The palpation method is often used in dental practice. During the procedure, the doctor feels the muscles of the head and neck, thus determining their general condition. Disturbances in the functioning of this muscle group indicate the development of pathological processes in the dental system.

What palpation reveals:

1. development of disharmonic processes in the work of the muscular system;
2. the reason for the violations.

As a result of bilateral palpation, the dentist receives valuable information, which, together with data from other diagnostic methods, allows us to clarify the picture and draw up an optimal treatment plan.

Diagnostic methods in modern dentistry

In our clinics, in addition to traditional ones, there are innovative diagnostic methods. For example, the MegaEye intraoral (intraoral) camera, which allows you to demonstrate problems in your oral cavity in real time. For example, plaque, superficial caries, poor fit of the crown, any postoperative complications. The examination result will be visible on the screen. To diagnose, you need to open your mouth, after which the doctor will move the camera along the dentition from below and above. If you're planning to travel, buy this compact camera. MegaEye connects to a smartphone or laptop via Wi-Fi, which allows the doctor to see the condition of your teeth and consult you remotely.

There are also chemical diagnostic methods, for example, caries detectors and hygiene level indicators. Our hygienist can measure the hygiene index for your child or spouse, who does not like to brush their teeth and constantly suffers from caries. The drug will color all problem areas and show how well and efficiently the teeth are cleaned.

In addition to all this, functional diagnostics in dentistry Dental Guru (Moscow) includes the MEGA ISQ device, which after implantation surgery allows you to most accurately measure the stability of the implant before prosthetics. We do not prepare the crown until we are sure that the installed implant has taken root and will withstand the load.

We also have a Medit i500 intraoral scanner in our clinics, which allows you to recreate the full 3D model of your jaws as accurately as possible. The device is intended for prosthetics, for the manufacture of crowns and inlays using the CAD/CAM system. The procedure for prosthetics using a three-dimensional scanner is as follows. For example, to prepare an inlay after caries treatment, the cavity is scanned and a 3D model is sent to the laboratory. In our own dental laboratory, the technician casts the inlay, the courier brings it to the clinic, and the prosthetist fixes it. The Dental Guru dental network offers treatment, prevention, and diagnostics.

Each Dental Guru clinic has a full range of x-ray diagnostics: a microscope, a computed tomograph with the function of taking pictures of the temporomandibular joint, a device for cephalometry, OPTG, a digital radiovisiograph for targeted imaging. Multifunctional devices Rayscan and Vatech are used, which can be used to perform all types of radiation diagnostics in dentistry.

What additional diagnostics can the dentist prescribe?

• Apex locator

With its help, the doctor can determine the length of the dental root canal as accurately as possible. Due to the complex anatomy, it is difficult to do this in other ways. Selecting the right tools is essential to effectively treating root infections.

• Biopsy

This procedure is carried out if a dental cyst or other neoplasm has been diagnosed. A biopsy is necessary to ensure that the suspicious object is benign. The dentist takes a sample of fluid or tissue using a biopsy needle and sends the finished sample to a laboratory for analysis.
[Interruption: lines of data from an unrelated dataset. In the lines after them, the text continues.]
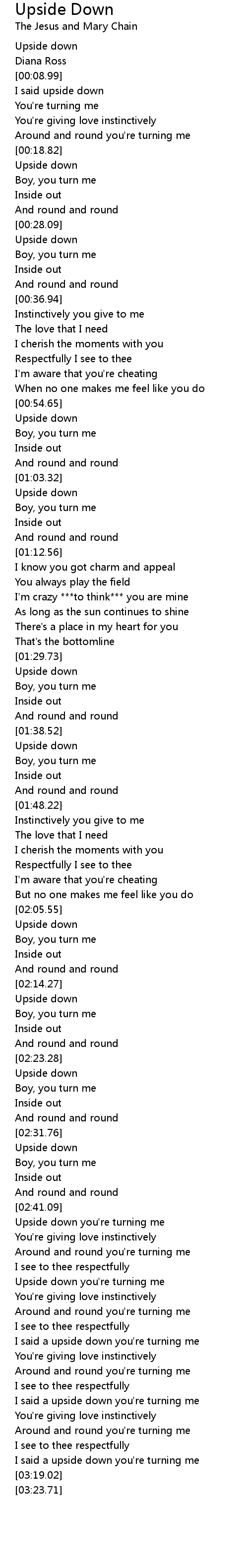 I said a upside down you're turning me |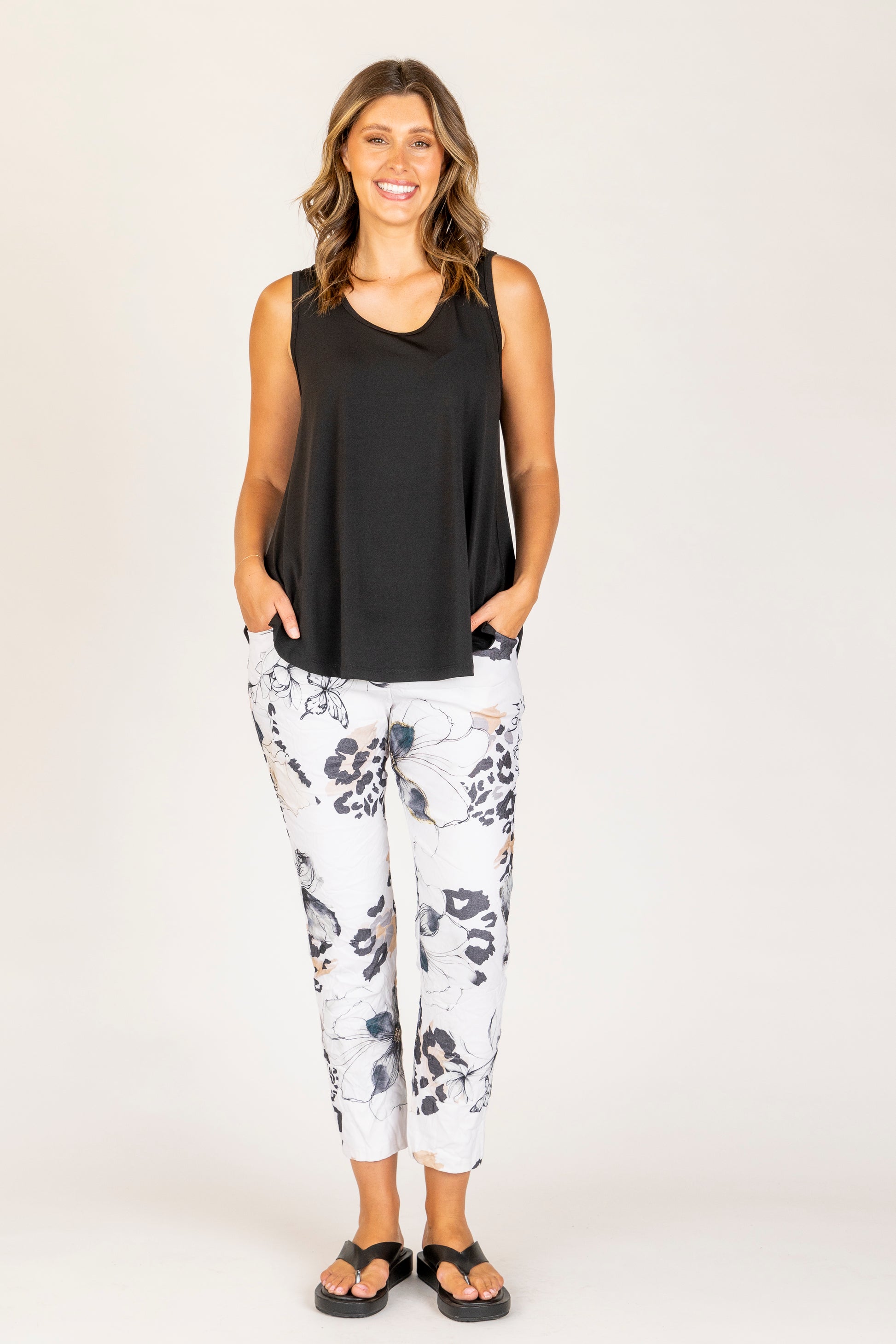 The sleeveless design makes it perfect for warm weather, while the slight flare at the hem adds movement and flow. A versatile wardrobe essential, it pairs effortlessly with printed pants, skirts, or shorts for both casual and polished outfits.
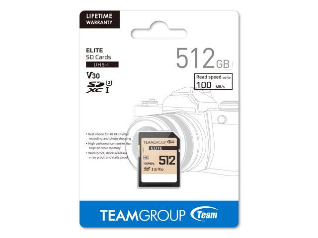 Team Group 512GB Elite 4K SD Card UHS-I U3 V30 Read/Write Speed Up to 100/90MB/s (TESDXC512GIV30P69)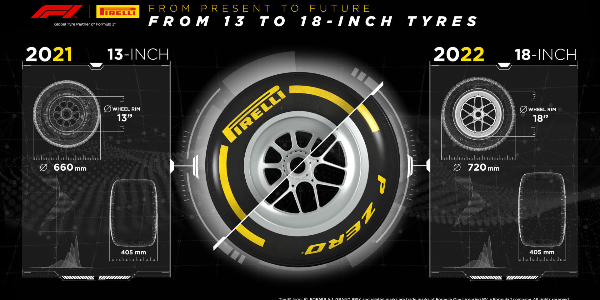 受疫情影响,18英寸轮胎的测试主要在2021年举行。倍耐力累计使用了1568套新轮胎,参与测试的车手总共完成了4267圈。测试共产生了70份虚拟样本和30份实体样本,这些数据将共同决定明年5款轮胎的配方与构成。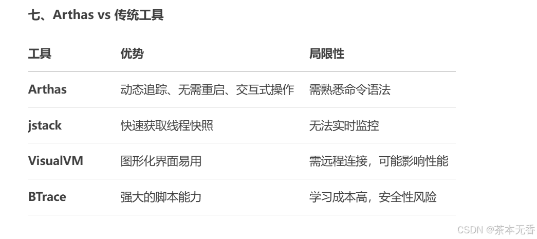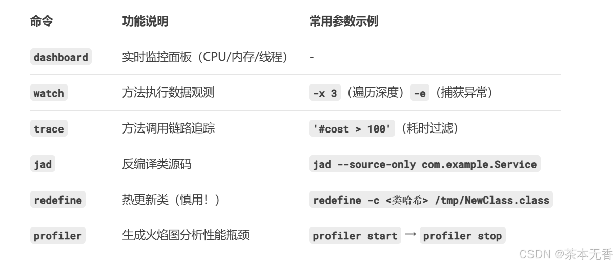 b\] 在方法调用之前观察 \[e\] 在方法异常之后观察 \[s\] 在方法返回之后观察 \[f\] 在方法结束之后(正常返回和异常返回)观察 \[E\] 开启正则表达式匹配,默认为通配符匹配 \[x:\] 指定输出结果的属性遍历深度,默认为 1 打印类的详细信息: sc -d com.***.class(包+类) 打印出类的Field信息: sc -d -f com.*** .class(包+类) 打印出类的Field信息,遍历深度为2: sc -d -f com.\*\*\*.class(包+类) -x 2 sc的几个参数的说明: \[d\] 输出当前类的详细信息,包括这个类所加载的原始文件来源、类的声明、加载的ClassLoader等详细信息。 如果一个类被多个ClassLoader所加载,则会出现多次 \[E\] 开启正则表达式匹配,默认为通配符匹配 \[f\] 输出当前类的成员变量信息(需要配合参数-d一起使用) \[x:\] 指定输出静态变量时属性的遍历深度,默认为 0,即直接使用 toString 输出 7、 quit------退出当前 Arthas 客户端,其他 Arthas 客户端不受影响 stop------关闭 Arthas 服务端,所有 Arthas 客户端全部退出 如果只是退出当前的连接,可以用quit或者exit命令。Attach 到目标进程上的 arthas 还会继续运行,端口会保持开放,下次连接时可以直接连接上。 如果想完全退出 arthas,可以执行stop命令。生产环境里,一定要使用stop命令!、 场景2:内存泄漏排查 1. 导出堆内存快照 heapdump --live /tmp/heapdump.hprof 2. 统计对象实例数 ognl '@com.example.LeakyClass@instanceCount' 3. 追踪大对象创建路径 stack com.example.LeakyClass "" 场景3:动态修改日志级别 查看当前Logger配置 logger ## 修改ROOT日志级别为DEBUG logger --name ROOT --level DEBUG 四、核心命令速查表  五、生产环境最佳实践 安全第一 优先使用watch/trace等只读命令,避免redefine热更新引发稳定性问题。 诊断完成后务必执行stop彻底退出,防止残留连接占用资源。 性能影响控制 限制监控次数(-n 5)和遍历深度(-x 3)。 避免对高频方法(如核心交易链路)进行持续监控。 日志与记录 使用history -w /path/to/log保存操作历史。 结合tee命令同时输出到文件和屏幕: trace com.example.Service \* \| tee /tmp/trace.log 六、Arthas 进阶技巧 1. 批量执行命令 ## 通过脚本执行多个命令 java -jar arthas-boot.jar -c "watch com.example.Service method; thread -n 3" 2. 结合Ognl表达式 ## 调用静态方法获取系统配置 ognl '@com.example.ConfigUtils@getConfig("timeout")' ## 修改静态变量(谨慎!) ognl '@com.example.GlobalConfig@DEBUG_MODE=true' 3. 火焰图分析 ## 启动采样(默认持续30秒) profiler start ## 生成HTML格式火焰图 profiler stop --format html  结语 Arthas 的核心理念是\*\*"看得见的问题才是好问题"\*\*。通过本文的实战指南,开发者可以快速掌握从基础监控到深度诊断的全链路技巧。无论是日常开发中的性能调优,还是凌晨三点的紧急故障排查,Arthas 都能成为你手中最锋利的"瑞士军刀"。 附录: Arthas 官方文档 Arthas 实战案例集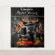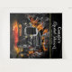 Tela de fondo para cabina de fotos de desayuno nupcial de fuego de fiesta de Hot Rod tiene una llama naranja que arde alrededor de un auto viejo. En la parte inferior del medio y un fondo negro con un lugar para poner todo el texto de su invitación.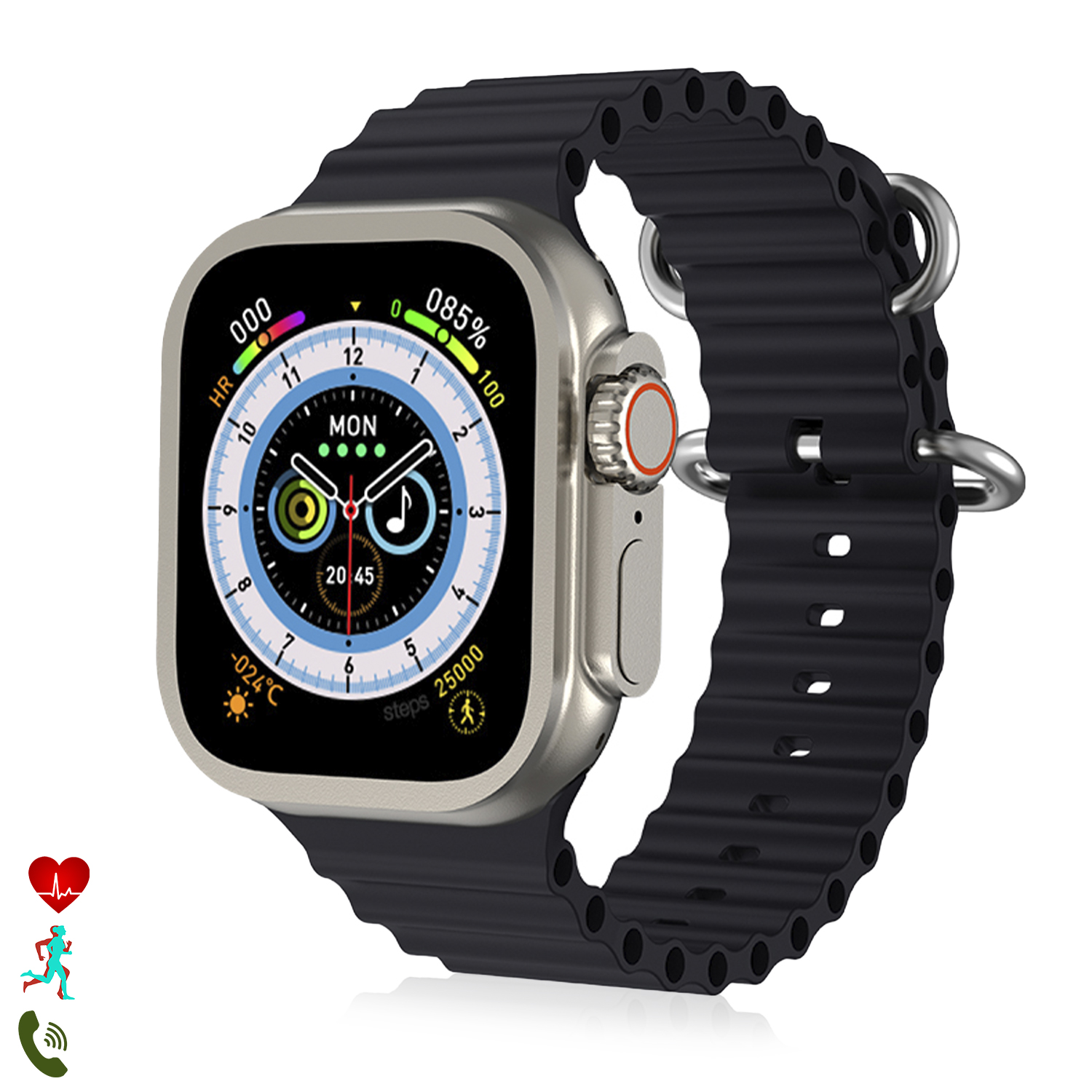 • Écran TFT de 1,91 pouces entièrement tactile, 240*296 pixels avec réglage de la luminosité et allumage automatique en tournant le poignet, il dispose également d'une couronne multifonction.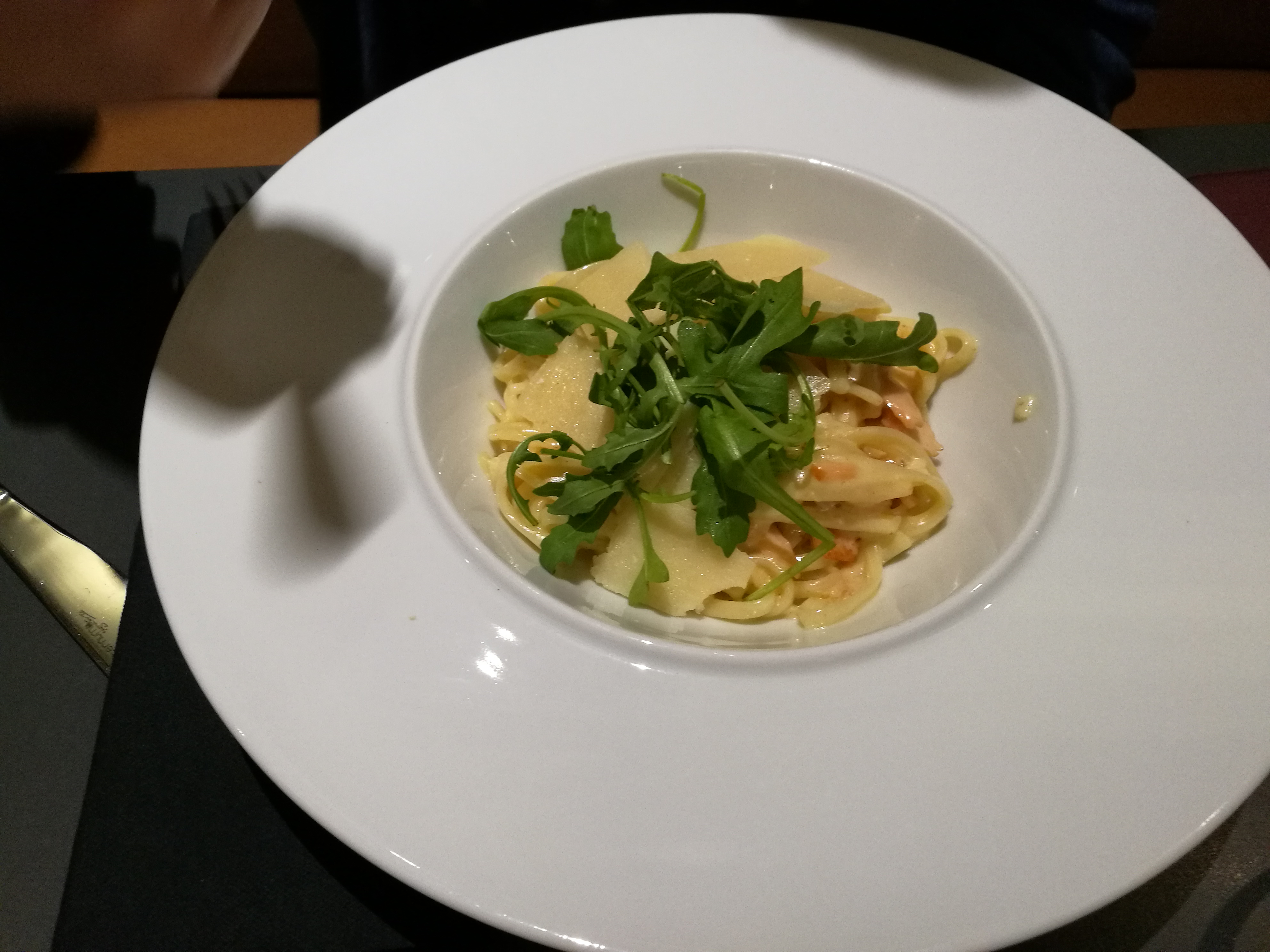 Ce restaurant possède une forte sympathique décoration! L'ambiance qui en émanait était chaleureuse, cela est en parti dû aux serveurs qui etaient tous agréables. Les linguines au saumon fumé étaient excellentes! (Juste un peu salé, dû au saumon fumé.) Et le hamburger était tout aussi goûtu, avec ses deux steak et ses bonnes frites. La crème brûlée était bonne, ce qu'on pourrai attendre d'une crème brûlée. Et la clémentine aux épices, une vraie surprise à essayer! Et pour finir je dirai que nous avons ici un très bon rapport qualité/prix !

The diagnostic methods used in our clinic are safe and do not cause any discomfort. Thanks to them, the doctor will be able to start treatment on time and keep your smile healthy and beautiful!

Infectious and inflammatory periodontal diseases can fully be called diseases of civilization, given that they are ranked sixth in the list of the most common human diseases. The constant effect of predisposing factors (social, systemic, iatrogenic, local conditions of the oral cavity, etc.) against the backdrop of environmental unfavorability extremely often leads to the development of periodontopathies in all age groups with an increase in the proportion of moderate and severe lesions in people over 35 years of age. According to the WHO report (WHO: Oral health. Fact sheet No. 318, April 2012), modern advances in understanding the etiology of pathogenesis, as well as in the treatment of these diseases, have not significantly changed the situation for the better.

Infectious and inflammatory periodontal diseases are prone to a chronic progressive course, and the outcome of the pathological process depends on the timeliness of diagnosis and the early initiation of adequate therapeutic and rehabilitation measures. In one of the reviews by U. Carounanidy, R. Sathyanarayanan [14], devoted to the problem of diagnosing caries as a provoking factor of periodontal diseases, the authors commented on the “Caries Iceberg” diagram, proposed at one time by N. Pitts, C. Longbottom [38], which is quite clearly reflects the state of diagnosis of this pathological condition and the main problems associated with it at the present stage (Fig. 1).

Figure 1. “Caries iceberg” - diagnostic scheme, D1-D4 - diagnostic criteria [38].

It can be assumed that this diagram can be applied to the diagnosis of not only caries, but also any other dental pathology, while the authors describe the main stages in the development of the diagnostic process as follows:

1) development of strict diagnostic criteria based on easily detectable signs of the disease;

2) improving the technology of diagnostic methods aimed at reducing their diagnostic threshold when verifying the diagnosis at a qualitative level;

3) development of methods for quantitative assessment of pathological conditions to recognize “hidden” deviations that are not registered at the qualitative level;

4) transition from a logically constructed, nominal or ordinal scale for assessing the pathological process to a numerical scale that allows monitoring of the disease and prognosis of its course and outcomes [14].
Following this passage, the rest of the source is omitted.